100 years on, quantum mechanics is redefining reality—with us at the cente

sciencehabit writes: Standing in a garden on the remote German island of Helgoland one day in June, two theoretical physicists quibble over who—or what—constructs reality. Carlo Rovelli, based at Aix-Marseille University, insists he is real with respect to a stone on the ground. He may cast a shadow on the stone, for instance, projecting his existence onto their relationship. Chris Fuchs of the University of Massachusetts Boston retorts that it’s preposterous to imagine the stone possessing any worldview, seeing as it is a stone. Although allied in their belief that reality is subjective rather than absolute, they both leave the impromptu debate unsatisfied, disagreeing about whether they agree.

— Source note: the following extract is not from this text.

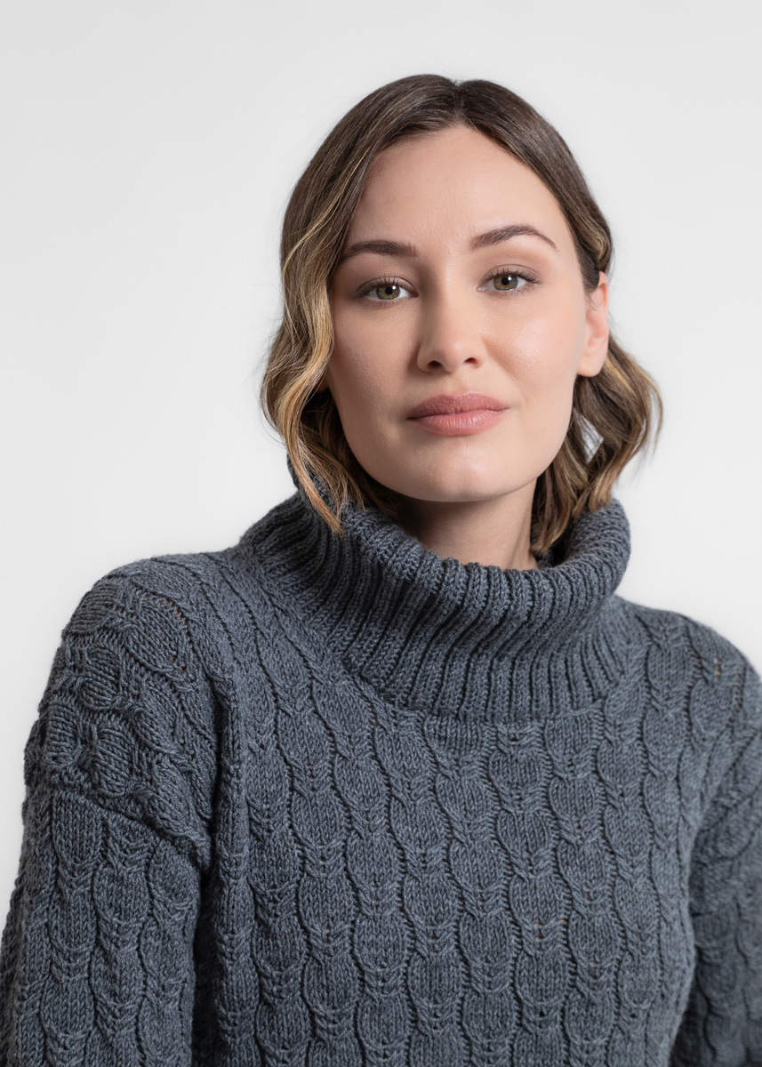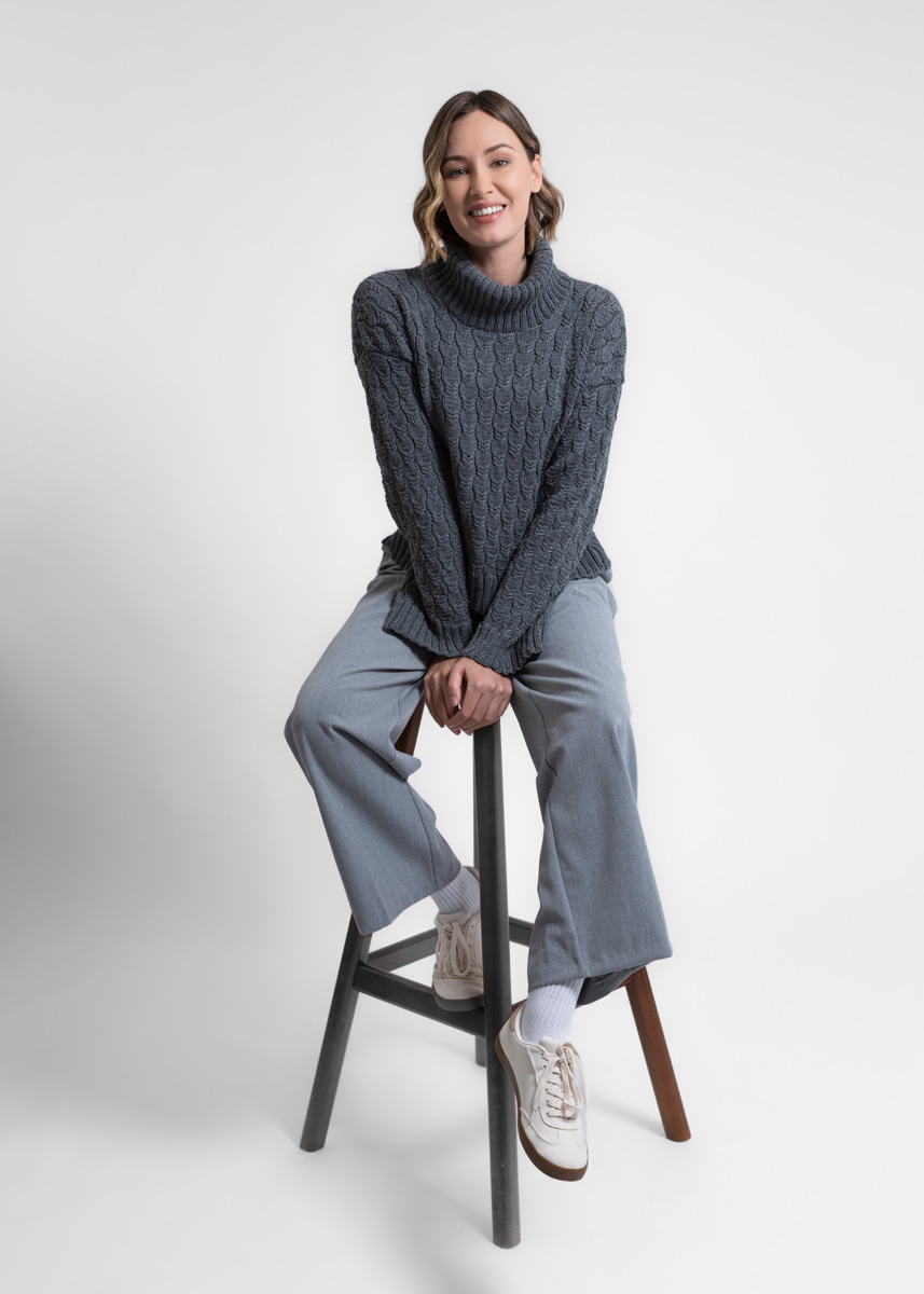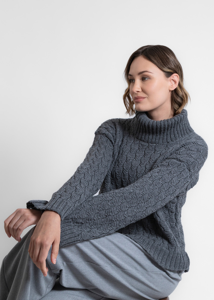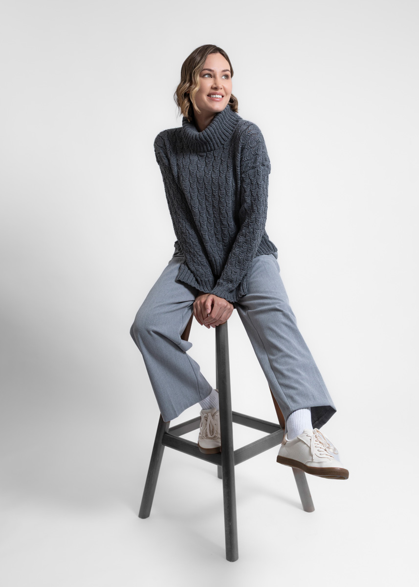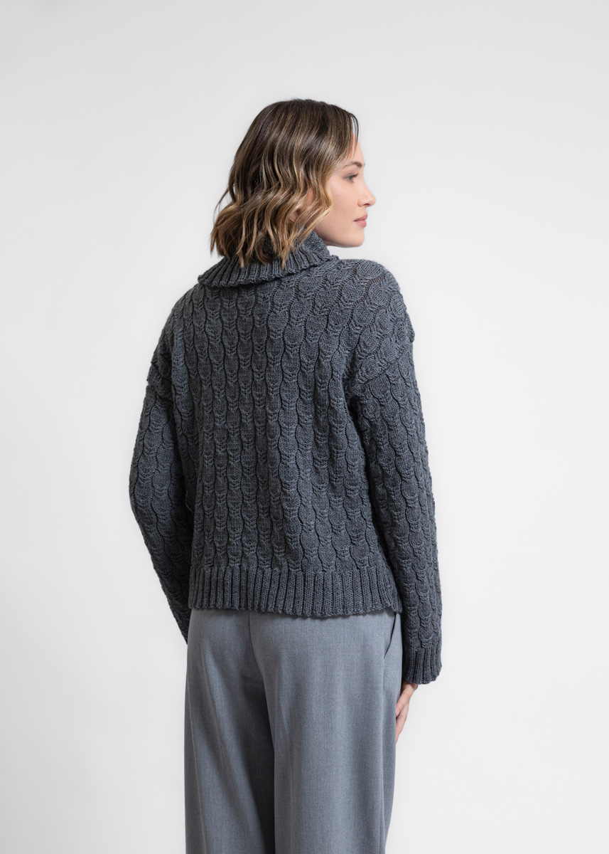 Lana Grossa COOL WOOL 100 % ren ny ull merino Löplängd: ca. 160 m / 50 g • 600 (650 - 700 - 750 - 800 - 850) g mörkgrå melerad (färg 412) • Stickor nr. 3,5 • Rundsticka nr. 3,5 / 40 cm • Flätsticka

Such is the state of theoretical quantum mechanics, scientists’ deepest description of the atomic world. The theory was developed 100 years ago on Helgoland, where a 23-year-old Werner Heisenberg retreated to escape a bout of hay fever—and to reimagine what an atom looks like. The leading picture at the time featured electrons hopping in discrete, or quantized, leaps of energy between fixed orbits around the nucleus. It explained the behavior of hydrogen but failed for bigger atoms. On blustery walks and cold swims in the North Sea, Heisenberg abandoned the simplistic orbital picture, instead developing a new mathematical language that would work for any atom. Later in 1925, Erwin Schrödinger conjured up a complementary lens—his eponymous wave equation—which describes the positions of electrons in probabilistic terms.

Within a few years, their calculations would reveal a disturbingly fuzzy picture of reality, one in which certain properties are inherently unknowable and others take on different values depending on how they’re measured. “What we observe is not nature itself, but nature exposed to our method of questioning,” Heisenberg wrote after winning the 1932 Nobel Prize in Physics.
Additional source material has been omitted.